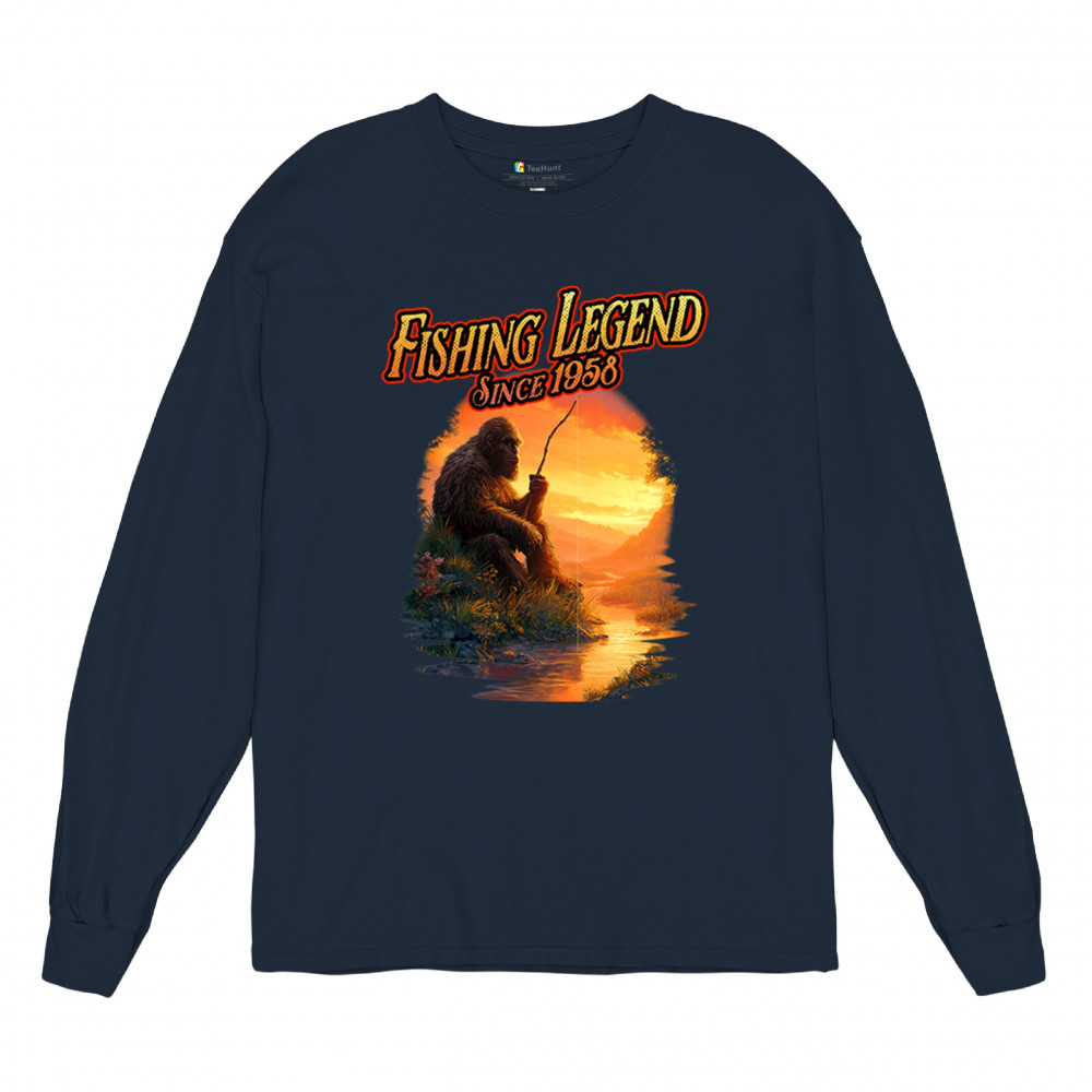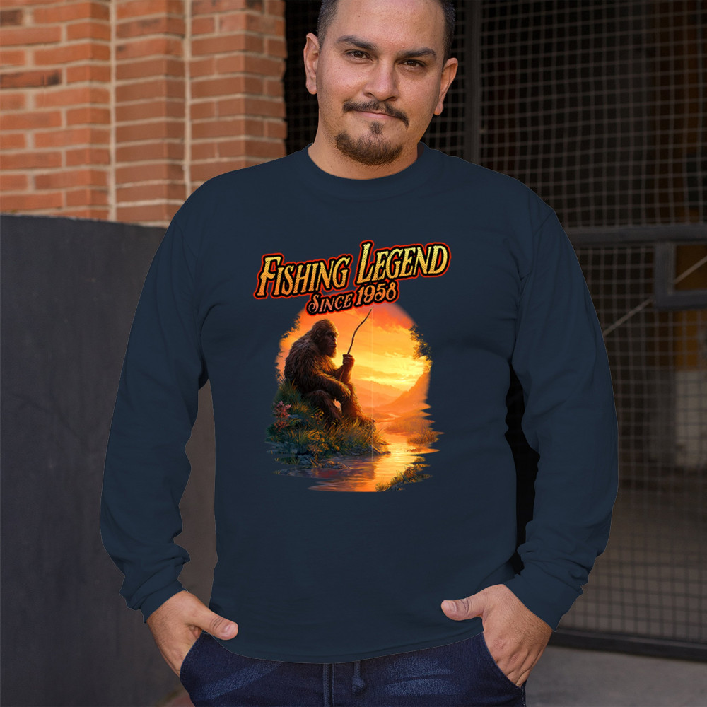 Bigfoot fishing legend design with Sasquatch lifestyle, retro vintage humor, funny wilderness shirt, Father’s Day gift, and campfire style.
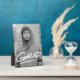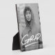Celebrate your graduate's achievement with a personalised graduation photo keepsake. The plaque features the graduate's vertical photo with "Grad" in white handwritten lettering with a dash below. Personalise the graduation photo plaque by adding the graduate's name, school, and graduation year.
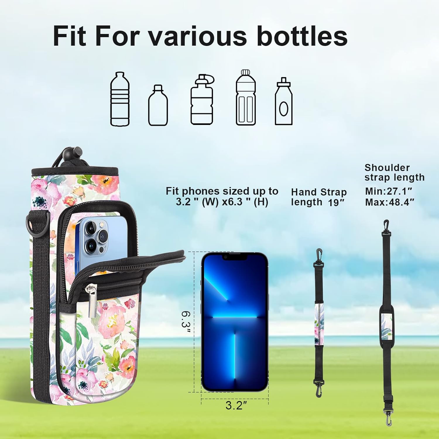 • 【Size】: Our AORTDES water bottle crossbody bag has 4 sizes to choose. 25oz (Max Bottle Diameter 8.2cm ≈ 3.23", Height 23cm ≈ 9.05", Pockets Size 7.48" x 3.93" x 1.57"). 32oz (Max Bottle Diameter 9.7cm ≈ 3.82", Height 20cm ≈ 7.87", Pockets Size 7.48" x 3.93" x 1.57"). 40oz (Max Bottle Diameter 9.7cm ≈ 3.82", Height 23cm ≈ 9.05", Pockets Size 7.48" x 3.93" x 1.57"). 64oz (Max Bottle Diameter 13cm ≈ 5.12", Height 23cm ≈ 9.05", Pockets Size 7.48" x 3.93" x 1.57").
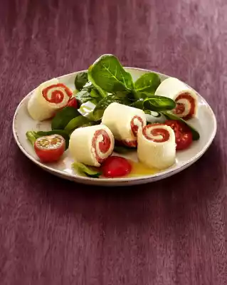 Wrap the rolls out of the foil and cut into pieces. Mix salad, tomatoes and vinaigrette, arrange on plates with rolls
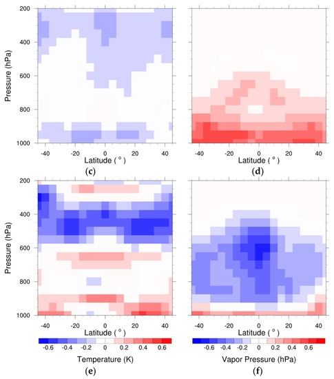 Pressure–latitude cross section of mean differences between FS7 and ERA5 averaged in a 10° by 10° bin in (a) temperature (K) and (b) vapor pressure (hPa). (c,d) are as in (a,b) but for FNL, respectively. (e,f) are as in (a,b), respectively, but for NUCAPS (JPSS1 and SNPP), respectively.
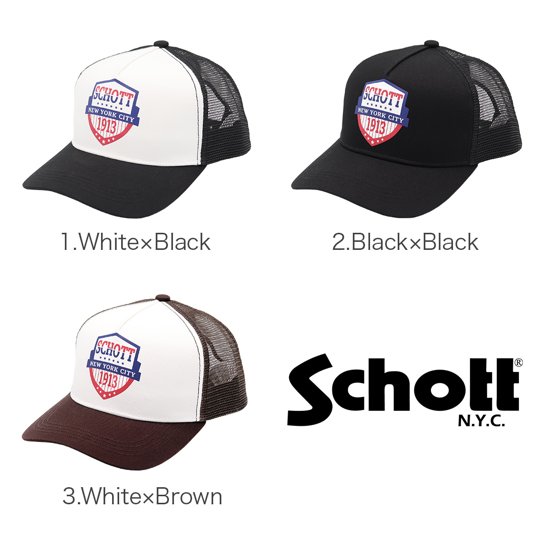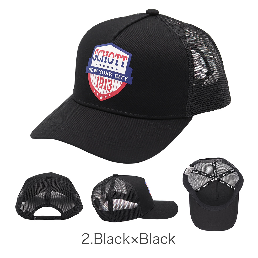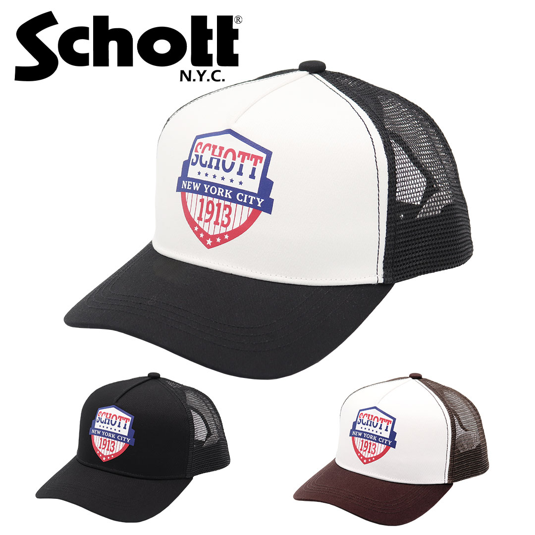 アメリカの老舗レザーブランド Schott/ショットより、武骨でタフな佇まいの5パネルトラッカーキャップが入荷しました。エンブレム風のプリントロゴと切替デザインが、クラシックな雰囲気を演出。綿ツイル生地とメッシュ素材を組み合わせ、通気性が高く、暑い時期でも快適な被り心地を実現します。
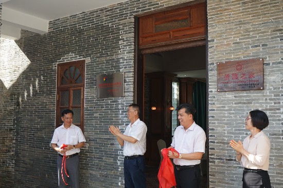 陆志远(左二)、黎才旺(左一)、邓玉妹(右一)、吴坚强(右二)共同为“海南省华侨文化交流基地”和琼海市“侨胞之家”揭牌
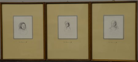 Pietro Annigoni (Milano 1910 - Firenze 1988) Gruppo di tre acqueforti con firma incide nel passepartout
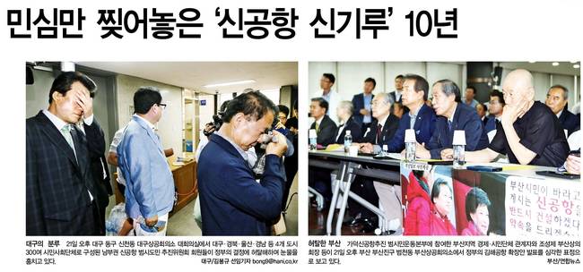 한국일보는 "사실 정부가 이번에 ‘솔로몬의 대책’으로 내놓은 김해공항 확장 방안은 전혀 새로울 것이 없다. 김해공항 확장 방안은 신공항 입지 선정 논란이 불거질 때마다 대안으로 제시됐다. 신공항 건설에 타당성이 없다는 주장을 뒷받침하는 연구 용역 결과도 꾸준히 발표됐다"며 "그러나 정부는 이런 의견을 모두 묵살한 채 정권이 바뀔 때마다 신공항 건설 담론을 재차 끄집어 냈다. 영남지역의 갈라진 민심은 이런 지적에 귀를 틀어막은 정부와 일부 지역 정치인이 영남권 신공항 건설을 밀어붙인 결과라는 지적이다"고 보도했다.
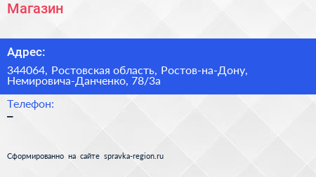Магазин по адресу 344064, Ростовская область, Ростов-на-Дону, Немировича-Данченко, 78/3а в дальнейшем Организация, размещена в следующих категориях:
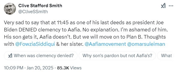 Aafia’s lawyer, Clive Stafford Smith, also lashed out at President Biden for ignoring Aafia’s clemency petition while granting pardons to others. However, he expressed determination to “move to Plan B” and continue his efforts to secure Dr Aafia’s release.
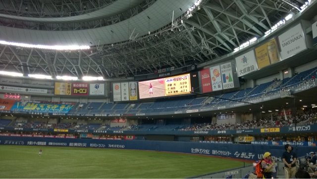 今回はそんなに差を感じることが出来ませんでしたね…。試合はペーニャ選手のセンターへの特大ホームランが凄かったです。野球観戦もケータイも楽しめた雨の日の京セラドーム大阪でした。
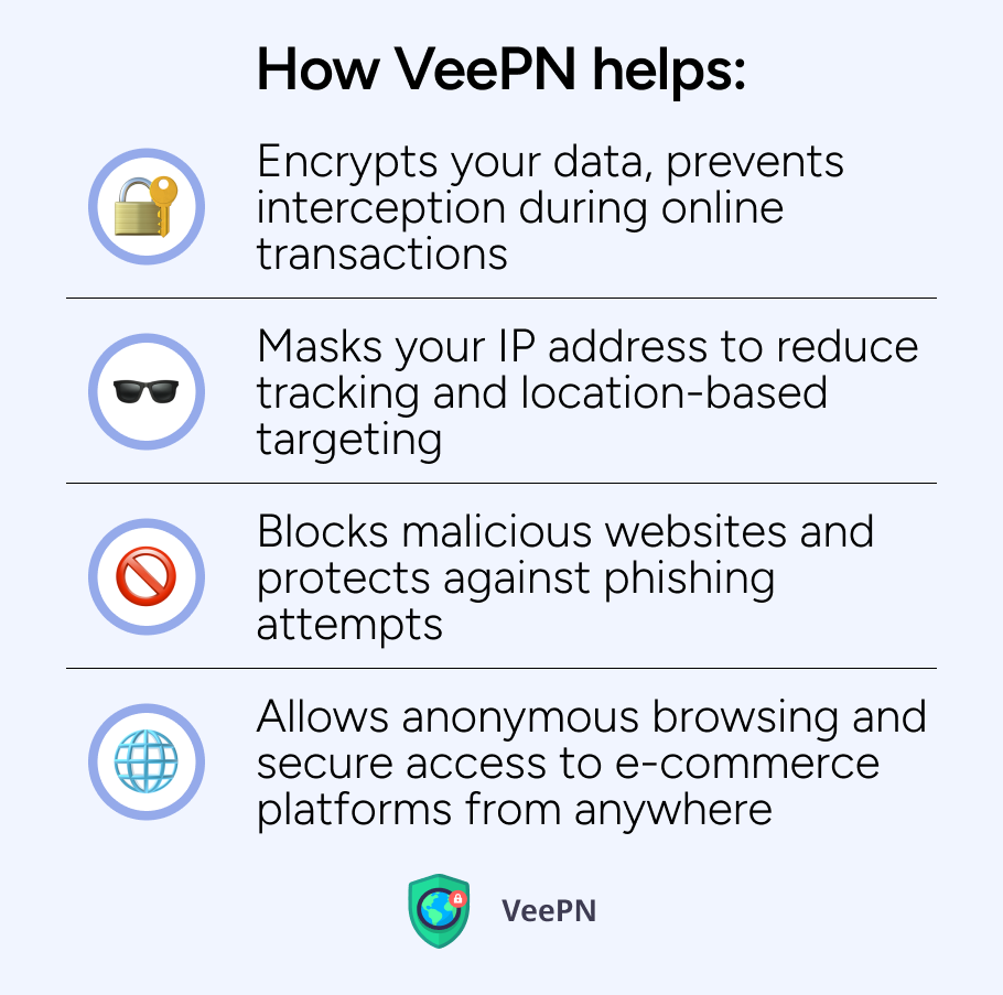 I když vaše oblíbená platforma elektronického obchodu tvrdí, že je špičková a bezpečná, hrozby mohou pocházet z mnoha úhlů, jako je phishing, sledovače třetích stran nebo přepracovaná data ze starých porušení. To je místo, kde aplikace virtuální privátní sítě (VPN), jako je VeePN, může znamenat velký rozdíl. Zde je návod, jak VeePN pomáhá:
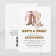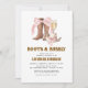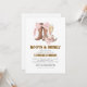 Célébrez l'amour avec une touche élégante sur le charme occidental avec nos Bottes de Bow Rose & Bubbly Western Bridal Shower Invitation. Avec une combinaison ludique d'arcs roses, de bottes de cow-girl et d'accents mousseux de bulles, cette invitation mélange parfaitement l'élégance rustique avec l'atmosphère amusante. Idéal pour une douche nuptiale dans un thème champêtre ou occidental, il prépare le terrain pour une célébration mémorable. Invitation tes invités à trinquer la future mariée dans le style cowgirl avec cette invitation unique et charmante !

* * * * * * *

• What is required: Take the lines from the start of the material to the line with "Pressure–latitude cross section", both included, and transcribe them exactly without the pictures.

• Answer to the problem:
 Bigfoot fishing legend design with Sasquatch lifestyle, retro vintage humor, funny wilderness shirt, Father’s Day gift, and campfire style.
Celebrate your graduate's achievement with a personalised graduation photo keepsake. The plaque features the graduate's vertical photo with "Grad" in white handwritten lettering with a dash below. Personalise the graduation photo plaque by adding the graduate's name, school, and graduation year.
 • 【Size】: Our AORTDES water bottle crossbody bag has 4 sizes to choose. 25oz (Max Bottle Diameter 8.2cm ≈ 3.23", Height 23cm ≈ 9.05", Pockets Size 7.48" x 3.93" x 1.57"). 32oz (Max Bottle Diameter 9.7cm ≈ 3.82", Height 20cm ≈ 7.87", Pockets Size 7.48" x 3.93" x 1.57"). 40oz (Max Bottle Diameter 9.7cm ≈ 3.82", Height 23cm ≈ 9.05", Pockets Size 7.48" x 3.93" x 1.57"). 64oz (Max Bottle Diameter 13cm ≈ 5.12", Height 23cm ≈ 9.05", Pockets Size 7.48" x 3.93" x 1.57").
 Wrap the rolls out of the foil and cut into pieces. Mix salad, tomatoes and vinaigrette, arrange on plates with rolls
 Pressure–latitude cross section of mean differences between FS7 and ERA5 averaged in a 10° by 10° bin in (a) temperature (K) and (b) vapor pressure (hPa). (c,d) are as in (a,b) but for FNL, respectively. (e,f) are as in (a,b), respectively, but for NUCAPS (JPSS1 and SNPP), respectively.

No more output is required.